A random-text-generator trained on Shakespeare's complete works.
We start by going through every word Shakespeare wrote (or a subset if speed is of the essence), and build a histogram of 4-grams.
So given the sample text abcaabcbabca
, we could construct the following:
# '^' represents the start of a word
# '$' represents the end of a word
{'^': {'a': 1}, # 'a' always starts words (seen once)
'^a': {'b': 1}, # 'b' always follows an 'a' that starts the word
'^ab': {'c': 1}, # 'c' always follows 'ab' that starts the word
'aab': {'c': 1}, # 'c' always follows 'aab'
'abc': {'a': 2, 'b': 1}, # 'abc' was followed by 'a' twice, and 'b' once
'bab': {'c': 1}, # ...
'bca': {'$': 1, 'a': 1}, # 'bca' ended the word once, preceeded 'a' once
'bcb': {'a': 1}, # ...
'caa': {'b': 1},
'cba': {'b': 1}}
Then, we turn it into a probability dictionary.
{'^': {'a': 1.0}, # 100% chance of an 'a' starting a word
'^a': {'b': 1.0},
'^ab': {'c': 1.0},
'aab': {'c': 1.0},
'abc': {'a': 0.66, 'b': 0.33}, # 66.6% chance 'a' follows 'abc', 33.3% 'b'
'bab': {'c': 1.0},
'bca': {'$': 0.5, 'a': 0.5}, # 50% chance 'bca' ends the word, 50% another 'a'
'bcb': {'a': 1.0},
'caa': {'b': 1.0},
'cba': {'b': 1.0}}
Now, we can roll 100-sided dice! Let's see a word being built:
Legend: (-) represent the characters we are looking up in the dictionary
(+) represent the new character added as a result of our die-roll
^ # start
-
^a # 100% chance
.+
^ab # 100% chance
..+
^abc # 100% chance -- every word will start with abc
...+
^abca # Roll 1-66 is an 'a', 67-100 is a 'b'. We roll 50! -- 'a' it is.
...+
^abca$ # Roll 1-50 is a '$', 51-100 is an 'a'. We roll 3! -- '$' it is.
...+
'$' ends the word, so our randomly-generated word is 'abca'.
So if we wanted to generate a random "paragraph" using our training data of
abcaabcbabca
, we get this:
Abca abcaabcaabca abcbabcbabcbabca abca abca abcbabcaabca abcaabca abca
abcbabcbabcbabca abcbabcaabca abca abcaabca abca abcbabcaabcaabcbabcbabcaabca
abcaabcbabcaabca abca abca.
It might not look like real text, but it's pretty similar to our training data, which is what we want.
Sample use:
$ python random_text.py
or
probability_dict = prime_probability_dict(max_lines=100000)
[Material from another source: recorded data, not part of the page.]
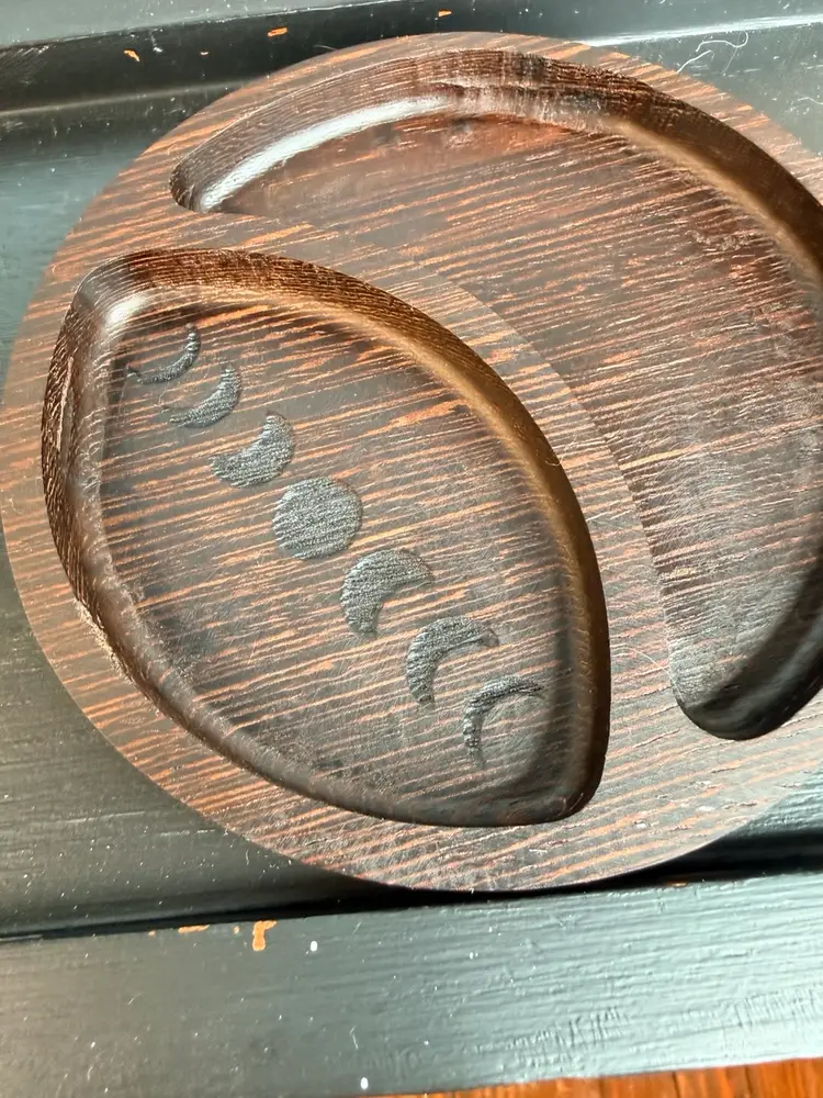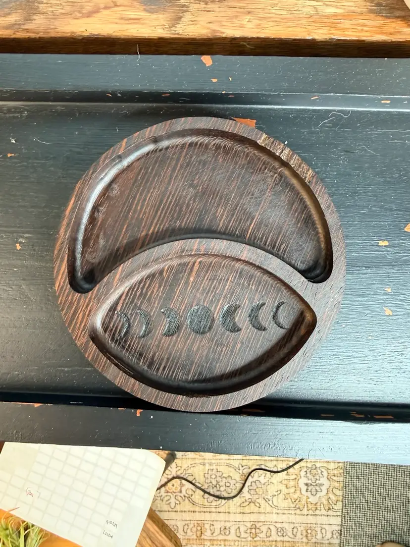 This ring dish is 5” round with two separate spots for jewelry and more. The moon phases are engraved for a final touch.
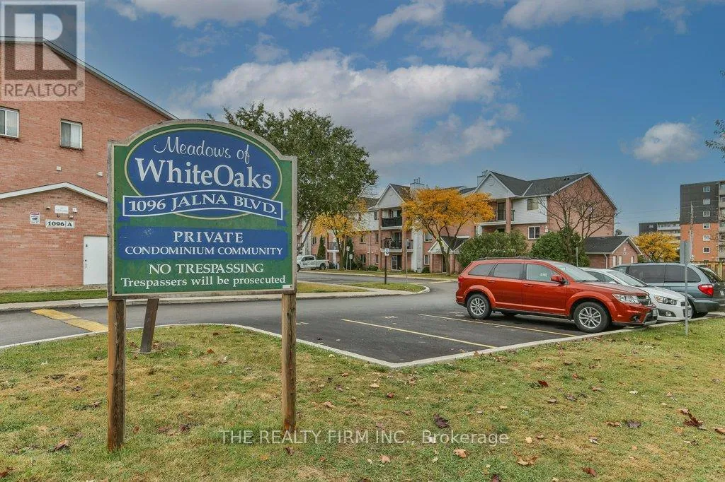Cross Streets: BRADLEY AVE. ** Directions: NORTH ON WELLINGTON RD FROM HIGHWAY, LEFT ON BRADLEY AVE, RIGHT ON JALNA, RIGHT INTO COMPLEX. BUILDING \"1096 A\", SECOND FLOOR, UNIT 16. Welcome to 1096 Jalna Blvd, Unit 16 - freshly updated and move-in ready! This bright and inviting second-floor, 2-bedroom condo has been beautifully refreshed from top to bottom. Enjoy convenient front-row parking, a private balcony, in-suite laundry, a welcoming foyer, and a large in-unit storage room.The well-maintained complex offers ample visitor parking and a sparkling outdoor pool for residents to enjoy. Inside, Unit 16 features a brand-new, bright white kitchen with excellent sight lines to the dining area, which flows seamlessly into the cozy living room - complete with a gas fireplace and direct access to a private balcony overlooking a peaceful path, mature trees, and detached residential properties, rather than other units or the parking lot - the perfect spot to relax and unwind.Recent updates (all completed in 2025) include new vinyl plank flooring in the kitchen and bath, new carpet in both bedrooms (per condo regulations), a new bathroom vanity, fresh paint throughout, and updated light fixtures - creating a clean, modern feel throughout. All appliances are included, so you can move right in and start enjoying your new home.Located directly across from White Oaks Mall, with quick access to Highway 401 and a wide range of shopping, dining, and amenities, this condo offers incredible convenience in a desirable south-end location. A perfect choice for first-time buyers, downsizers, or investors seeking a turnkey property. Water tank is approximately 1 year old. (id:27476)
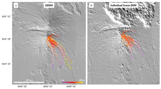A second important model input for VolcFlow is the pre-flow DEM [35]. For this study, two versions of DEMs generated by the ASTER instrument were used. The stated vertical accuracy of the ASTER GDEM product is 20 m, better than a single-scene DEM accuracy of 30 m. The GDEM achieves this improved accuracy and reduction in pixel to pixel noise through averaging large numbers of single-scene DEMs acquired over time. This can create constraints for flow modeling. First, version 2 of the GDEM uses scenes from 2000–2011. Therefore, any topographic changes within this time period are lost. However, if no major topographic changes have occurred, as with Fuego, its use is appropriate. A version 3 GDEM was recently released which uses data from 2000–2013. It was released too late to be incorporated into this study, however the differences between it and version 2 at Fuego were assessed to be negligible. Version 3 contains only minor fixes, such as filling of holes. Second, to account for any significant topographic change, a model requires the most recent (and most accurate) DEM. The use of a single-scene DEM closest in time to an event is potentially more appropriate than using the GDEM. However, as seen by our analysis of the single-scene DEM, the amount of noise and topographic anomalies can adversely impact the modeling in certain locations (Figure 6b).
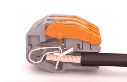 3: vstavimo vodnike in ročice zapremo v izhodiščni položaj. Kvaliteten spoj zagotovljen.
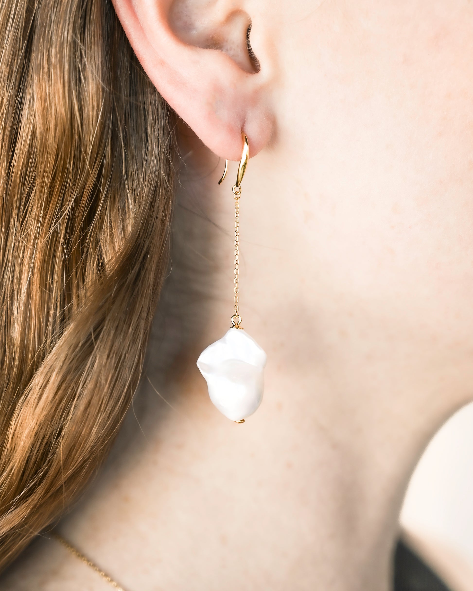 Make a statement with our Inez Baroque Pearl Drop Earrings. Crafted from fine AA+ certified pearls, these earrings will elevate any outfit.

print make_paragraph(probability_dict)
Sample output:
Ham. Cost nextush blust not as he and if musince. Never his thou somes the meet
cook your from hereing make at grous and to in wises thumationst or britalst
does word, cansomes thus'd. Waless. When othe des; me inself varing: upon prom
of it dance for beg them, engers son him. We good me, lositice. Lean they bears
own runest. Out words fall good of cros. She frand givesses. Part, banish; and
are my one eveng'd, when and voure, the band for themlock in to cour it most.
Nor but que, frenoon upon cling and ignity. And ments? Till beges, that fell
lood for for sevel; joint ther and on best to on his they the purposes which it
spick us. Cankle.- sake our 'tis ented of now he this to can afterly, like thou
bount such did the despoin'd, shall come imoget's withoug. My not pleasure:
award; with wrousance coll. Office of here exile fetch ham. And dare to not the
frome of berr- in he shift 'a your to be't. Let knowed. Of come wood madale
recious ent to theel; if his hapelectifield; have corruptio. Mone doubt finior
re- clowers, for therds fore it welcome drawning out.
There are a couple things I would like to highlight here:
-
It's friggin' cool that this little algorithm can generate words like "pleasure" and "office", without knowing what a word is, really.
-
The text sounds Shakespearian. (To me, at least). I don't know if that's because the algorithm works really well, or if it reflects the fact that Shakespeare loved to make up new words, but I'll take it.
-
This technique can be used with different authors, languages, mediums, ... very easily.
-
Starting a paragraph with "Ham." is strong. Note to self...